Wieso crap? Raidet ihr Highcontent? Nun sagen eh alle ja und Kj down etc.
Aber meine Erfahrungen sind, dass das Markenzeug an T6 Items einfach rankommt!

Fehlender Damage bei Highgear, ist die Schuld der Seite oder was? Wenn die Leute einfach nicht ihre Klasse können, haben die Leute Pech bzw. ihre Rls. Wir haben auch T6 Leute, welche nicht den Damage trotz des Gears rüberbringen, muss ja nicht jeder T6ler Skill haben. Und kommt immer wieder vor, dass T4/T5 Leute die T6 Leute im Damage abhängen. Melees fahren bei uns bei Brutallus einfach 0 Schaden im Vergleich zu FernDDs trotz Support, also bleiben sie in den Anfängen einfach bei dem Boss draussen.


----------



## Dalmus (14. August 2008)

ColonelCrack schrieb:


> Sorry, aber "be Imba" (was für ein Name) ist  immernoch crap.


Deine Aussage ist crap, denn sie ist nicht begründet.

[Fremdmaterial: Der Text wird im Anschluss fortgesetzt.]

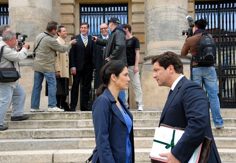• Noch gibt der angeklagte Bürgermeisterkandidat René Tornow (Stephan Szasz, 5.v.li.) sich mit seinen Anwälten Braun (Peter Kremer, 6.v.li.) und Rigas (Vassily Kazakos, 4.v.li.) bei der Presse siegessicher. Sarah (Mariella Ahrens) und Florian (Francis Fulton-Smith) lassen sich davon nicht beeindrucken.
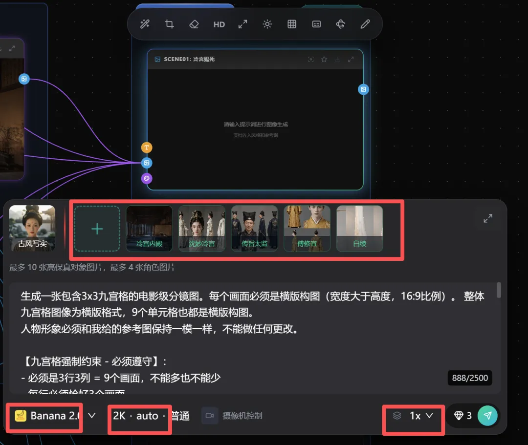 段落式 + 智能宫格:这是最推荐的效率模式。节点会分析你的剧本段落,自动识别每个段落需要几个镜头(短则 1 个,长则 3-4 个),然后把这些镜头合并到一张宫格图里。
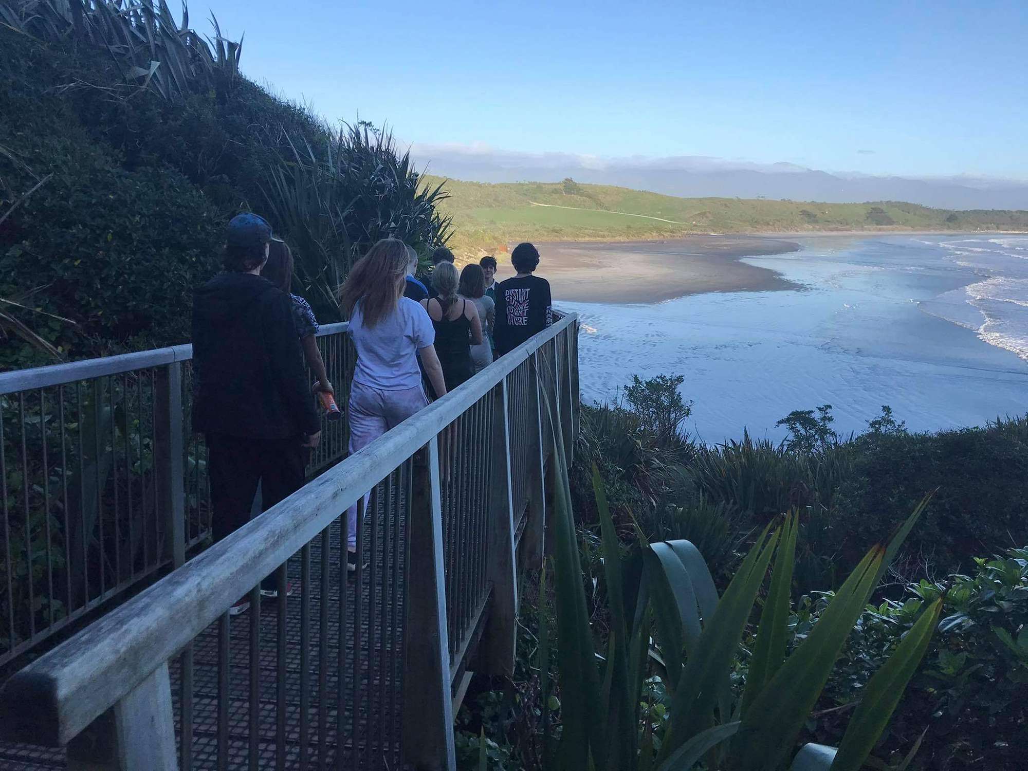 A walk around the point gave the students an opportunity to get up close to the swell as it peeled around the headland, causing a mixture of excitement and nervousness about our surf lesson the following day. The rest of the day we spent exploring the coast: first, checking out the seal colony and lighthouse at Cape Foulwind, and then watching the sun go down over the Tasman Sea at Carters Beach.
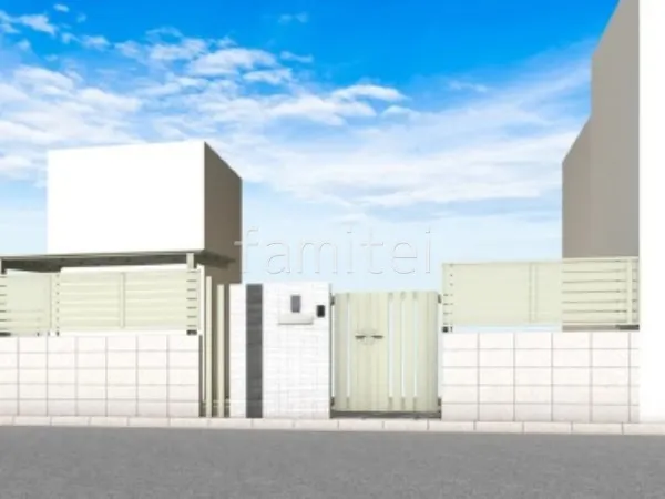 道路境界にブロックを積んだ上に目隠しフェンス LIXIL AB YS3型を設置し、外部からの視線をしっかり遮り、プライバシーを確保しました。 門まわりには細割タイル LIXIL セラヴィオを貼り仕上げたタイル門柱を採用し、存在感のあるエントランスに仕上げました。 また、親子開き門扉 LIXIL AB TS2型を設けることで、防犯性を向上しました。 さらに、駐輪スペースにサイクルポート LIXIL ネスカRミニを設置することで、雨や日差しから自転車を守ります。
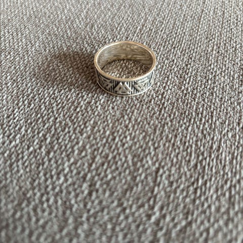 Sølvring i 925S selges kr 500. Norrønt inspirert mønster, men ukjent opphav. Ringen er ca 25 år gammel, men ubetydelig brukt. Den trenger bare litt puss. Ringen er ca str 53, eller 18 mm innvendig diameter. Ringen er justerbar. Befinner seg på Hamar.

be.imba ist eine wirklich nützliche Seite.
Wozu im Arsenal die einzelnen Items durchgehen?
Bei be.imba wird einem direkt angezeigt wo man noch Sockel frei hat, auf welchen Items keine Verzauberungen sind etc.

Begründe mir bitte warum das crap ist.


----------



## Zoobesitzer (14. August 2008)

FallenAngel198 schrieb:


> Liegt vllt daran, dass das Markenzeug und Za zeug für anfänge Sw reicht? Schonmal so weit gedacht? Die Seite wertet einfach das Itemlevel aus, und Mh/Bt und AUCH Za und Marken haben extrem hohe.



Jo genau da liegt aber das Problem von be.imba.hu:

Das Itemlevel von S3 oder S4 ist Sunwell- und Ende BT Niveau und wird somit höher eingeschätzt als ZA/Marken oder auch MH Gear. Abgesehen davon das einige PVP Teile bei manchen Klassen an dem einen oder anderem Slot durchaus sinnvoll sein können, wird damit aber das PVE Equip abgewertet.

Auch wird das Erreichen des Hitcap für alle Klassen als Vorraussetzung gesehen, das zb ein Fury Krieger ab einem gewissen Punkt aber sein Hitcap nicht mehr anstreben muss, findet keine Berücksichtigung.

Die Seite hat Equipvergleiche schon erstellt, bevor S1 für Ehre zu holen war und damals war das Equip mit höchstem Itemlevel halt PVE-Gear, mit Fortführung der Arenasets hat sich be.imba.hu halt n bißchen ins Abseits geschossen.


----------



## Metadron72 (14. August 2008)

Zoobesitzer schrieb:


> Jo genau da liegt aber das Problem von be.imba.hu:
> 
> Das Itemlevel von S3 oder S4 ist Sunwell- und Ende BT Niveau und wird somit höher eingeschätzt als ZA/Marken oder auch MH Gear. Abgesehen davon das einige PVP Teile bei manchen Klassen an dem einen oder anderem Slot durchaus sinnvoll sein können, wird damit aber das PVE Equip abgewertet.
> 
> ...



dir ist aber schon klar, das bei pvp gear extra ne warnung kommt ??? "achtung pvp gear !!!"


----------



## Zoobesitzer (14. August 2008)

Metadron72 schrieb:


> dir ist aber schon klar, das bei pvp gear extra ne warnung kommt ??? "achtung pvp gear !!!"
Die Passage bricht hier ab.